All together we spend a lot of money. But somehow when it comes to the work that artists such as writers and musicians do, some people don’t think they should have to pay.

That’s not the fault of readers. If something’s offered for free, why not take advantage of it?

(Before I continue, you may say what about libraries. Books from libraries are not really ‘free’. The books are purchased at a fair price from money that comes out of the public purse. Plus, in Canada anyway, authors are compensated to some degree by PLR.)

Sure publishers and authors sometimes give away books as loss leaders, to entice new customers, as contests to reward faithful readers. Same as any industry. Enter a contest and you might win a car! Doesn’t mean you can pop down to your local used car lot any time you want and drive away with a FREE CAR!

There has been a trend lately to give books away free willy-nilly. You can find entire lists on Amazon of free books. Many of these books are being put up for free by desperate authors hoping that the right agent or publisher will happen upon it and it will become THE NEXT BIG THING. (Aside, do you really think good agents are looking for another slush pile?)

In 2014 Romantic Times worked with Smashwords to give every conference attendee a thumb drive containing – wait for it – 342 free books. This year, they are going to do the same at Boucheron. Smashwords sent emails to authors attending the conference to tell them they can send in up to three of their books. Sisters in Crime sent the same email to all of its members, whether attending the conference or not. Potentially, this thumb drive will contain hundreds of FREE BOOKS! A years worth of reading!

Smashwords, of course, is promoting their brand by offering other people’s work for free. How kind of them. But, I hear you shout, the authors get exposure.

In my opinion, all this sort of thing does is devalue the worth of a book. Why pay for something if it’s being offered for free?

Turning that argument around, why spend a year of your life writing something if it’s worth nothing?
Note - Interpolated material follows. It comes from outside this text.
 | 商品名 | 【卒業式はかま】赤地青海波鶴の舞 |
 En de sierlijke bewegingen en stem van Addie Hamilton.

Monetarily, speaking worth nothing to you, nothing to your readers. In non-monetary terms it may be worth a lot to the author, but not many people can live on satisfaction alone.

It’s no secret that author’s incomes have decreased dramatically over the last twenty years. By some estimates 50%.
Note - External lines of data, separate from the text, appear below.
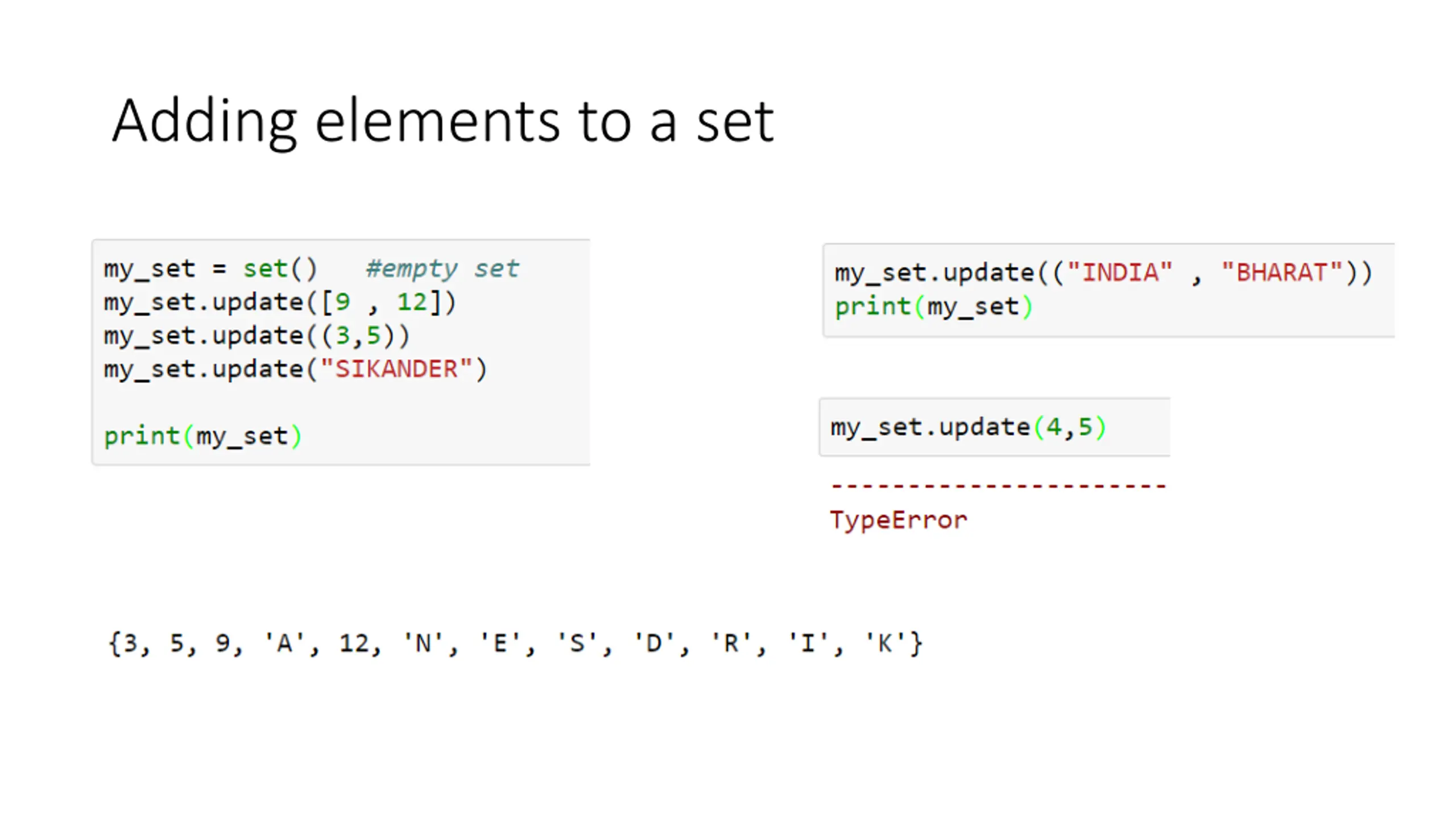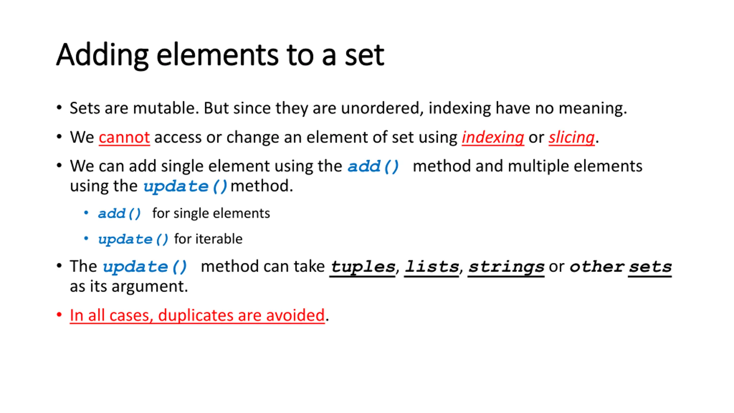 Adding elements to a set Adding elements to a set Sets are mutable. But since they are unordered, indexing have no meaning. We cannot access or change an element of set using indexing or slicing. We can add single element using the add() method and multiple elements using the update()method. add() for single elements update() for iterable The update() method can take tuples, lists, strings or othersets as its argument. In all cases, duplicates are avoided.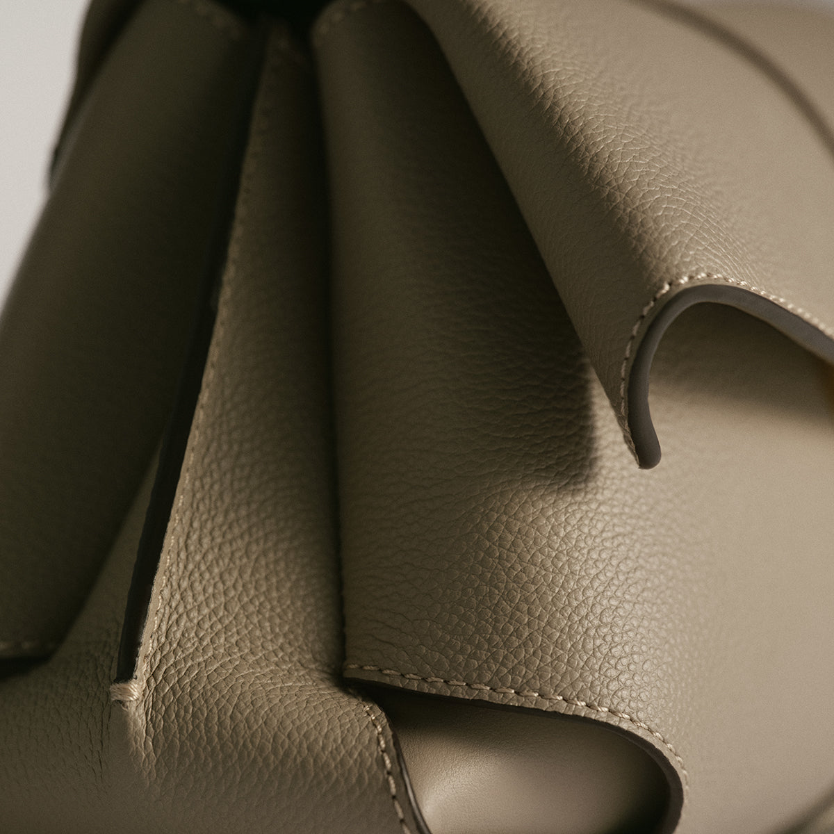 Au travers d'un assemblage ingénieux de trente-six pans de cuir, le modèle "Mokki Mini" valorise l'art du pliage avec son jeu subtil de cuirs grainé et lisse. Sous son rabat souligné d’un fermoir gravé, l’intérieur est compartimenté. Grâce à sa bandoulière adaptable maintenue par des mousquetons, le modèle suit avec fluidité le mouvement.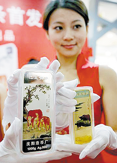 10月21日,工作人员展示牛年贺岁彩色金银条单品。 当日,沈阳造币厂牛年贺岁彩色金银条在北京工美大厦发售。这一系列产品分为金条单品、银条单品、金条套装、银条套装、金银条套装五大类别,金银条正面图案为姿态各异的生肖牛图案,背面为吉祥祝福语。 新华社发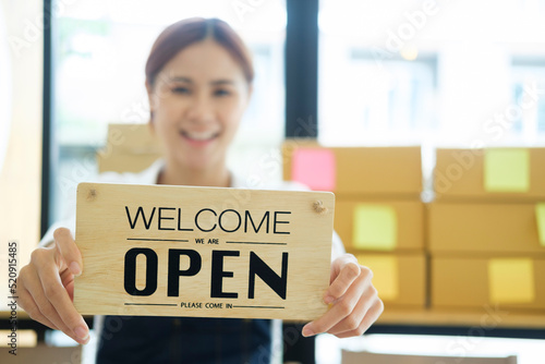 Close up Young business owner open the coffee shop.

Do we really want a world where books are written by those who can afford not to have paying work, consider it a hobby, or drive themselves deep into debt?

If you are an author, ask yourself, what is the VALUE of this work I do.

If you are a reader, ask yourself, what is the VALUE of literature.

And then pay, or charge, accordingly.

Note: I've discussed this before,when I was asked to be the unpaid guest speaker at a ticketed event by a for-profit company, and GIVE everyone of the attendees one of my books. Same principal. Here's the link:


Melodie Campbell said...

Very well put. Five years ago, we worried about the lesser price of ebooks affecting our bottom line. Then we worried about piracy, which is so easy with an ebook. But no one dreamed back then that a 2.99, 4.99 book would be given away for zero, even temporarily. One has to worry that so many books given away for free will not only affect sales; it will force the price of other books down even more.

Sybil Johnson said...

Well said. When I received the email regarding the books on flashdrives for Bouchercon, I stared at it for several minutes wondering why any author would contribute to it. Okay, maybe if I had 20 books under my belt, I might consider contributing one of the older ones to it, but I don't. I only have 1 with a second coming out soon. I just don't see the upside for authors. For publishers, maybe.

Vicki Delany said...

Sybil, I have 19 published books under my belt. I won't be contributing any of them.

Donis Casey said...

Vicki, I ask myself such questions every day of my life. I sometimes wish for a return of the Renaissance and some enlightened literary patron who will be happy to pay me 100K a year to write the books that please me. Know anybody like that?

Rick Blechta said...

Thanks for writing this post, Vicki. It needed to be said.